Of 144 enrolled individuals, 72 had complete wearable device and physiological biomarker data and were utilized for validation. Data from the final study time point were used for this assessment.

Evaluation of Prediction and Classification

Regression Evaluation

Performance for continuous HOMA-IR predictions was rigorously evaluated using mean absolute error (MAE) and R2 scores.

IR Classification Evaluation

For binary classification, individuals with HOMA-IR values >= 2.9 were classified as insulin resistant. Key metrics included specificity, sensitivity, precision, AUROC, and AUPRC.

Time-Dependent Sensitivity

To assess robustness, time-dependent aggregation was analyzed using rolling windows of 7, 14, 30, and 60 days, reporting prediction consistency and coefficient of variation.

LLM-based IR Agent

An innovative LLM-based ReAct (reasoning and acting) agent was developed with the purpose of interpreting HOMA-IR results, answering follow-up questions, and providing tailored recommendations.

This agent dynamically plans, gathers information (e.g., via web search), and interacts with various tools to ensure accurate computations and personalized advice.

IR Agent Toolbox

The agent's comprehensive toolbox included:

  • Grounding tools: Google Search.
  • Arithmetic tools.
  • A Python sandbox.
  • The HOMA-IR prediction models, ensuring accurate and deterministic computations.

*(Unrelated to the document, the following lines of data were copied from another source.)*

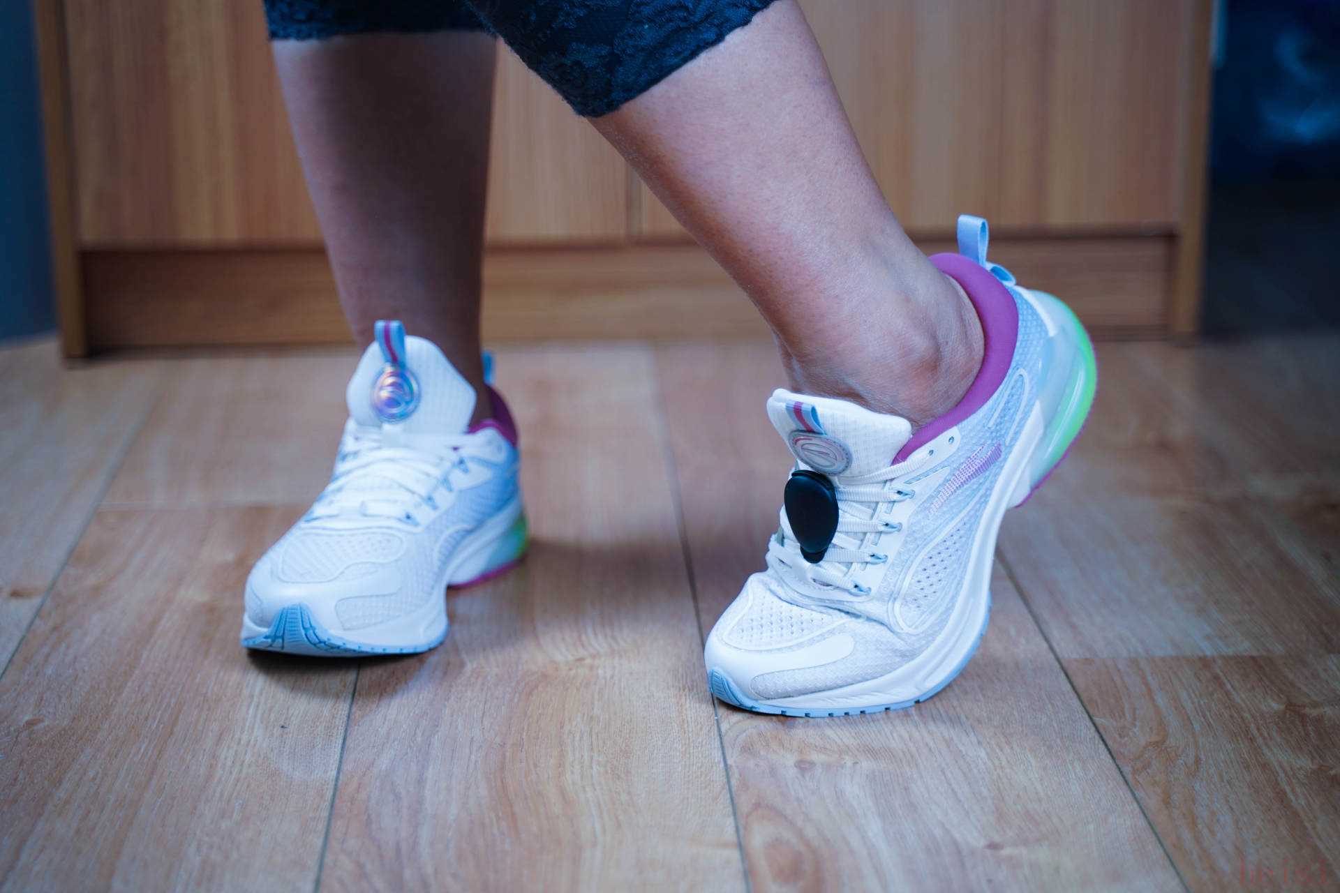 再將跑步精靈固定在左腳鞋帶上,這樣在你跑步過程中,我會實時檢測你的跑步姿態(tài),并給你語音反饋哦。
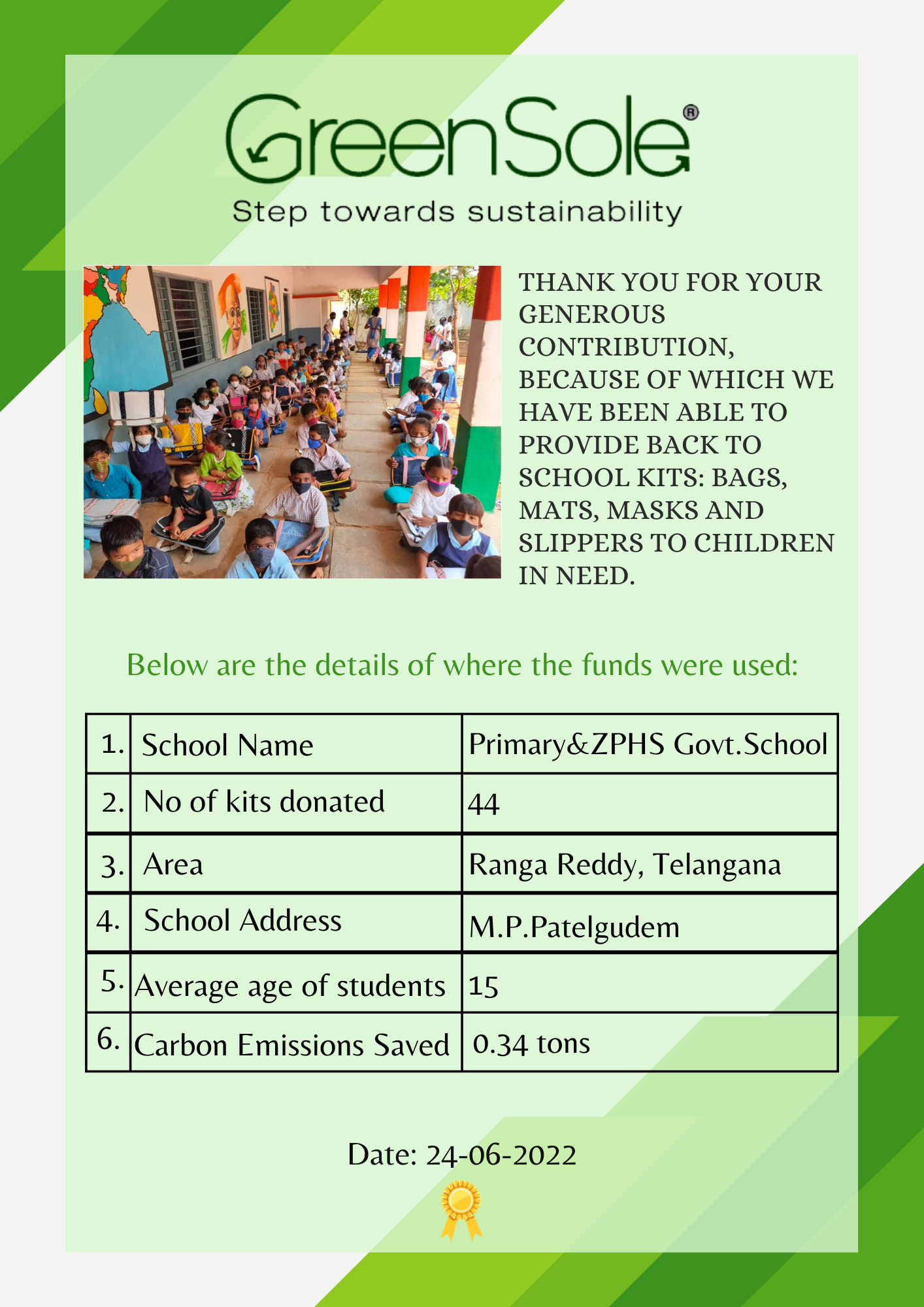 This Greensole initiative plans to impact rural students in rural areas of Telangana. Greensole is located in Navi Mumbai, Maharashtra.
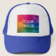 White And Royal Blue Elegant Modern Template Create Your Own Upload Image Logo Photo Trucker Hat.
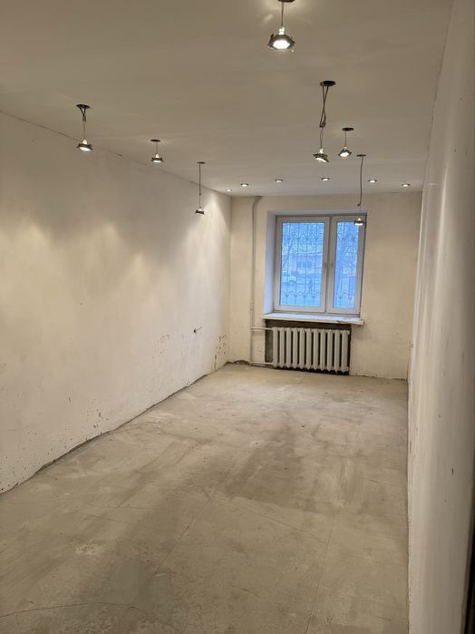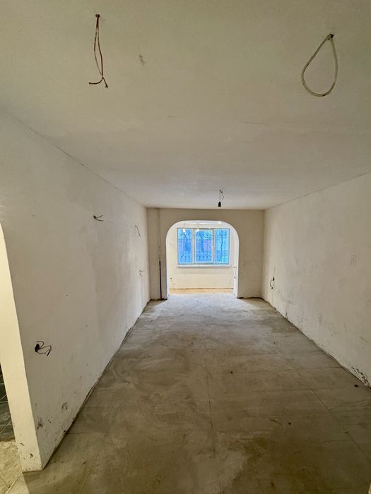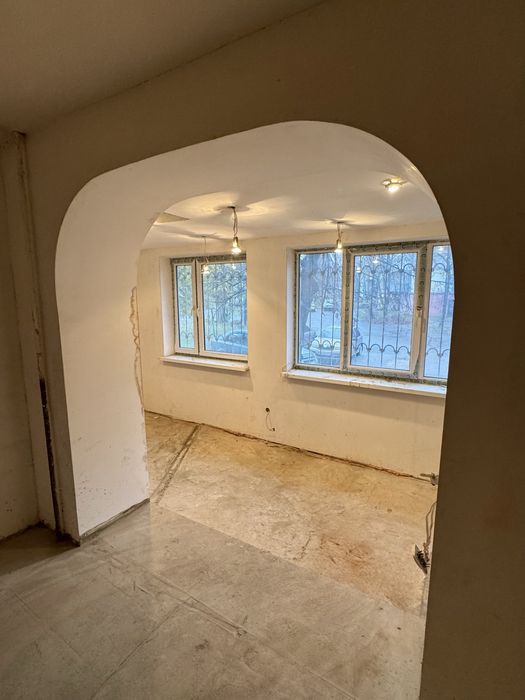 Квартира в стадії ремонту. В кімнатах стіни підготовлені під шпалери або під фарбування. На балконі знаходиться свій власний підвал.
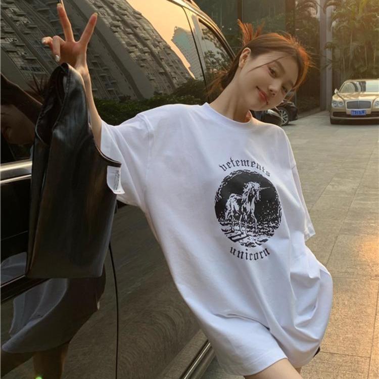 莫代尔美式半袖独角兽印花短袖T恤女夏季宽松慵懒下衣失踪上衣潮

Evaluation of the IR Agent

Human expert endocrinologists conducted a blind evaluation of the IR agent's responses against a base LLM (Gemini 2.0 Flash). Evaluations focused on two main aspects:

  • Side-by-side comparison: Assessing comprehensiveness, trustworthiness, and personalization.
  • Absolute accuracy: Evaluating factuality, correct referencing and interpretation of personal data, safety, and grounding of citations.

Statistical Analysis and Visualization

Statistical significance was rigorously determined using two-sided Wilcoxon rank-sum tests with Benjamini–Hochberg adjusted P values. Various Python libraries were employed for efficient data processing, modeling, and visualization throughout the study.